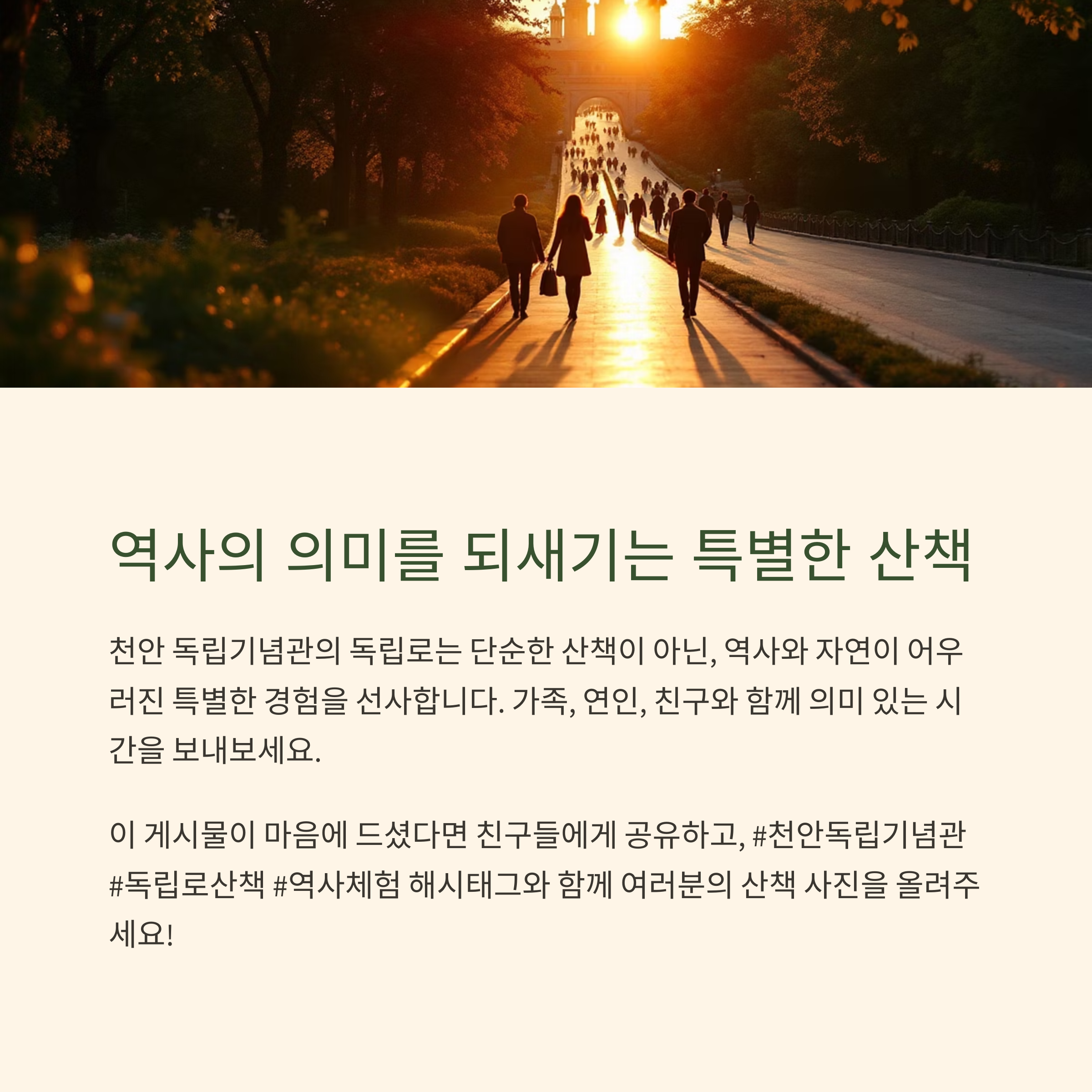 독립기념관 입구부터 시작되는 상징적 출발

====

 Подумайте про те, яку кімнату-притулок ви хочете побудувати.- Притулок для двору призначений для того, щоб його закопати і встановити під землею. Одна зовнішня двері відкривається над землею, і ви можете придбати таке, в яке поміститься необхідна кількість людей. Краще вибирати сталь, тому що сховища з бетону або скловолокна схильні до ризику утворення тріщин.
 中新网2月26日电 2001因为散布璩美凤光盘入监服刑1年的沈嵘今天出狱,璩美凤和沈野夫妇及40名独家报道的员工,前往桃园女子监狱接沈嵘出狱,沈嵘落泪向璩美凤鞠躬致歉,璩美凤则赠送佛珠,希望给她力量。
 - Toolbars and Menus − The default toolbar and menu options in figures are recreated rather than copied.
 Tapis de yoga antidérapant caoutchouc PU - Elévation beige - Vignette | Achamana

====

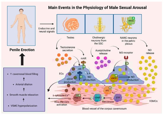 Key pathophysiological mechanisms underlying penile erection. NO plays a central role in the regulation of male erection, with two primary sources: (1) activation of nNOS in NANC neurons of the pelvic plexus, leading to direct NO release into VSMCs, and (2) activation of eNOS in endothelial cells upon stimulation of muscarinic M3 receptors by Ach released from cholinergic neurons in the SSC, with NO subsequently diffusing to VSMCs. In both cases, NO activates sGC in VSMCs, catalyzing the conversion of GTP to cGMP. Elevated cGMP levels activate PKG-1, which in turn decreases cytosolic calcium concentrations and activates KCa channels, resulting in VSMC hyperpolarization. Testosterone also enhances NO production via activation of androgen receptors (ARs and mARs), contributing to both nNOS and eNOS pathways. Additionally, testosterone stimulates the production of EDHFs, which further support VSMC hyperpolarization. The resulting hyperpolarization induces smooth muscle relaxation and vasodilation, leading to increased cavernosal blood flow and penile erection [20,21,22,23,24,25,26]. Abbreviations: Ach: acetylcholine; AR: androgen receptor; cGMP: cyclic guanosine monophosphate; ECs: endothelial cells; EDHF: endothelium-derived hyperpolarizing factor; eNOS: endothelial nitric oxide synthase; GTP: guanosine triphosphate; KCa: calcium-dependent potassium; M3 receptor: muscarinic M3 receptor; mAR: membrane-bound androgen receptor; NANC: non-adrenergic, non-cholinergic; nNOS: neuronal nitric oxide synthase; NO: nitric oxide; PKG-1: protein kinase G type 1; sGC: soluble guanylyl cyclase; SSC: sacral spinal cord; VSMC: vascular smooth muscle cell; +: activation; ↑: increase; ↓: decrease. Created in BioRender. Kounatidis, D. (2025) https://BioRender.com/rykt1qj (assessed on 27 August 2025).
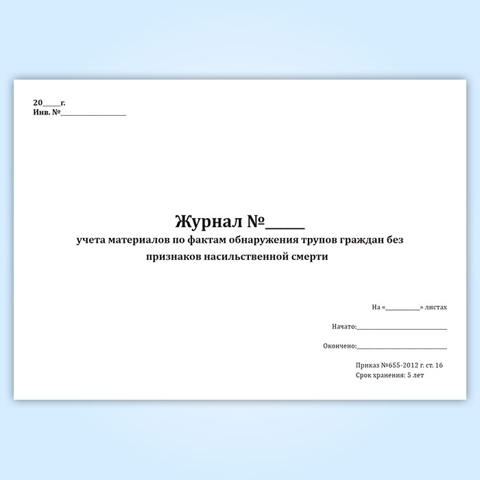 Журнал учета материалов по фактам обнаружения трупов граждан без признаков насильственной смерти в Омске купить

====

◆ Task to complete:
All lines above between those holding "- Toolbars and" and "Tapis de yoga", inclusive, must be set down unchanged, and no other line may be included.

◆ Answer to the problem:
 - Toolbars and Menus − The default toolbar and menu options in figures are recreated rather than copied.
 Tapis de yoga antidérapant caoutchouc PU - Elévation beige - Vignette | Achamana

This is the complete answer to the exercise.